Single by All Saints

from the album Testament
- Released: 31 May 2018
- Genre: Electropop
- Length: 4:06
- Label: AS
- Songwriter(s): Shaznay Lewis; Karl Clive Gordon;
- Producer(s): Karl "K-Gee" Gordon

All Saints singles chronology
| "One Woman Man" (2016) | "Love Lasts Forever" (2018) | "After All" (2018) |

Music video
- "Love Lasts Forever" on YouTube

= Love Lasts Forever (All Saints song) =

"Love Lasts Forever" is a song by English girl group All Saints from their fifth studio album, Testament (2018). Written by group member Shaznay Lewis and producer K-Gee, it premiered as the album's lead single on BBC Radio 2's The Chris Evans Breakfast Show on 31 May 2018.

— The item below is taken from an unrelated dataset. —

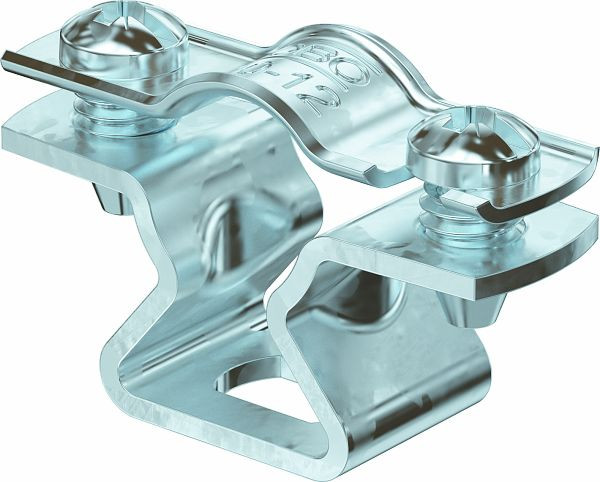 Abstandschelle zur Montage von Rohren und Kabeln an Wand, Decke und Boden. Mit selbstsicherndem Oberteil. Befestigung über Langloch.

==Writing and inspiration==
Shaznay Lewis wrote "Love Lasts Forever" with producer K-Gee more than a year prior to its release. It was inspired by Lewis' son who was about to leave high school, and reflected on the pressure from society to grow and achieve. She wanted to reassure him that "the family will be here and the love will still be here whenever you need to come back and be protected from all of that." Melanie Blatt listened to the track for four hours on repeat after Lewis sent it to her, and recalls it being the first from Testament that she instantly liked and thought "we're fine, this is good, this album is going to be amazing."

==Release and reception==
"Love Lasts Forever" was released as the album's lead single on 31 May 2018, after Lewis and Nicole Appleton appeared on BBC Radio 2's The Chris Evans Breakfast Show for its radio premiere. It was added to Spotify's New Music Friday and Apple Music's Best of the Week playlists upon release. On 8 June 2018, an extended play featuring five remixes was released. The song became a radio hit in the UK, according to the Official Charts Company. It was playlisted by BBC Radio 2 and peaked at number 33 on the UK Airplay Chart.

===Critical response===
"Love Lasts Forever" received generally positive reviews from music critics. Andre Paine of the Evening Standard commented, "The combination of steely harmonies and lush electronic textures is an appealing throwback". Jonathan Wright of God is in the TV believed it continued the group's "impeccable run of singles". In The Observer, Phil Mongredien said the track "displays a deliciously light touch". The Independents Elizabeth Aubrey appreciated its "layered and multi-faceted" sound.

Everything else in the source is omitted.